The firing system generally comprises of a control console with a security key switch which, together with firing pods, is used to detonate effects cartridges.

There are many different types of effect cartridge available, ranging from simple flashes through streamers to confetti cannons. When using pyrotechnics, the prime concern must be safety: please see our pyrotechnic safety advice.

The Le Maitre Pyroflash system has been widely used within the entertainment industry for many years, however other systems are becoming more popular and some have better safety features.

Ultra-Violet (UV) light

Ultra-violet fittings produce light that is just beyond the blue end of the colour spectrum. The light is most often put to use by using fluorescent fabrics and paints, which respond to the light to give vibrant colours. Non-fluorescent materials do not respond to this wavelength of light, and so remain dark (or invisible). Blacklight is an ultra-violet light from which the harmful radiations have been filtered.

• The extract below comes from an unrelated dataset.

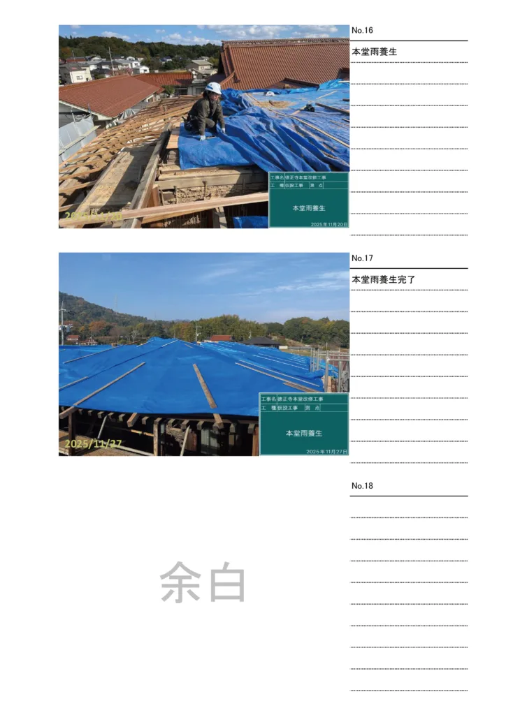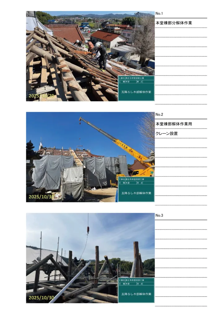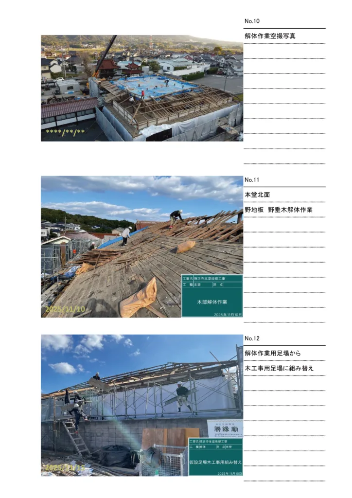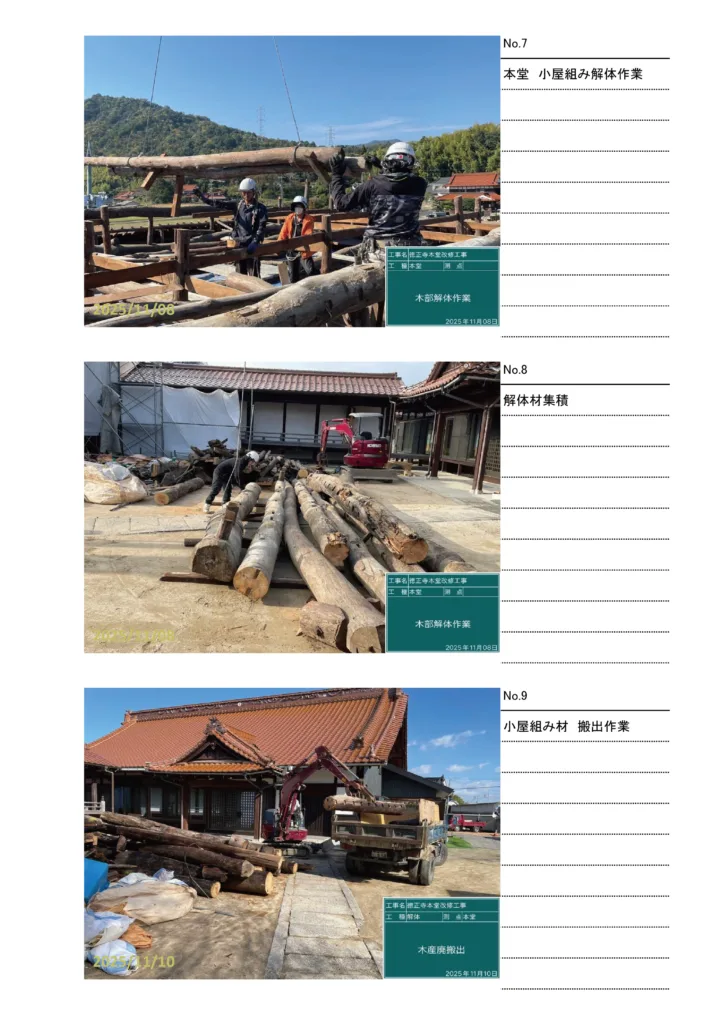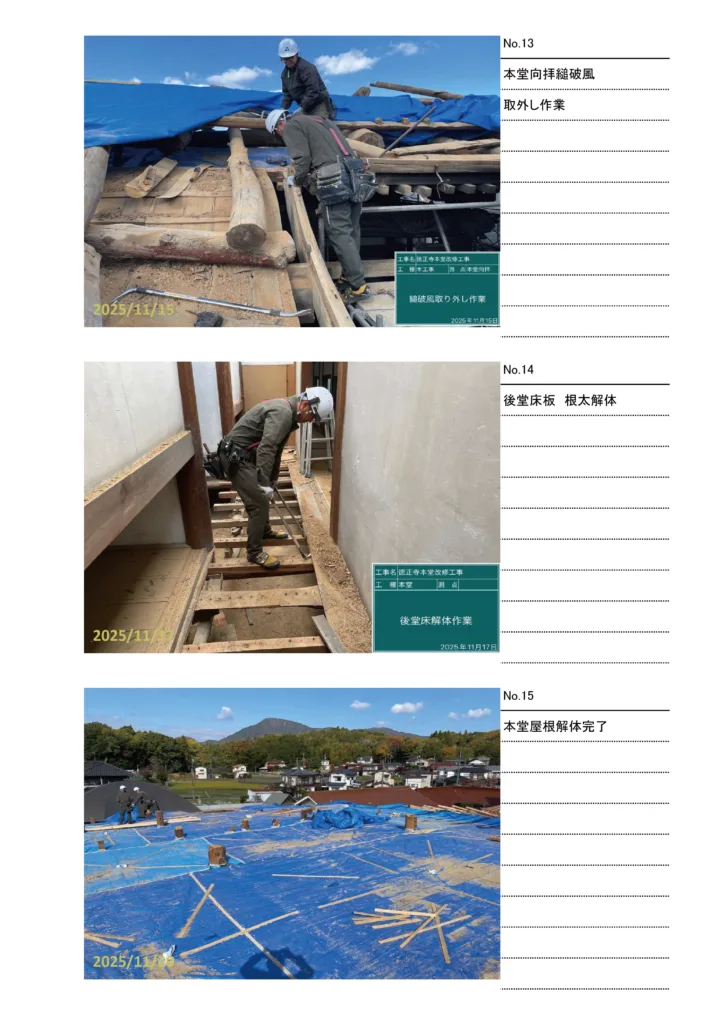 Categories 本堂修復事業 工事報告書(11月) Post author By 若院 Post date 2025/12/10 工事報告書(11月) へのコメントはまだありません Related Tags 11月, 屋根解体, 本堂工事, 瓦 ← 報恩講 → 工事報告書(12月) コメントを残す コメントをキャンセルメールアドレスが公開されることはありません。 ※ が付いている欄は必須項目ですコメント ※ 名前 ※ メール ※ サイト Notify me of follow-up comments by email. Notify me of new posts by email. Δ このサイトはスパムを低減するために Akismet を使っています。コメントデータの処理方法の詳細はこちらをご覧ください。

Stroboscopic (strobe) lighting

A strobe is a device giving a fast series of very short intense light flashes. These pulses can be achieved by either mechanical or electrical means. The light pulses can have the effect of making action appear intermittent, or of freezing movement altogether, by varying the frequency (speed) of the flashes. Strobe lighting used in the entertainment industry is usually produced either electrically by using a special strobe lamps (normally Xenon filled flash tube), or mechanically using metal shutters in front of a lamp (normally used on moving lights).

When using stroboscopic lighting effects, a key concern must be safety: please see our strobe safety advice. A proportion of people with photo-sensitive epilepsy may be affected by strobe lighting, and the effect may produce undesirable sensations amongst the general population if used without due regard.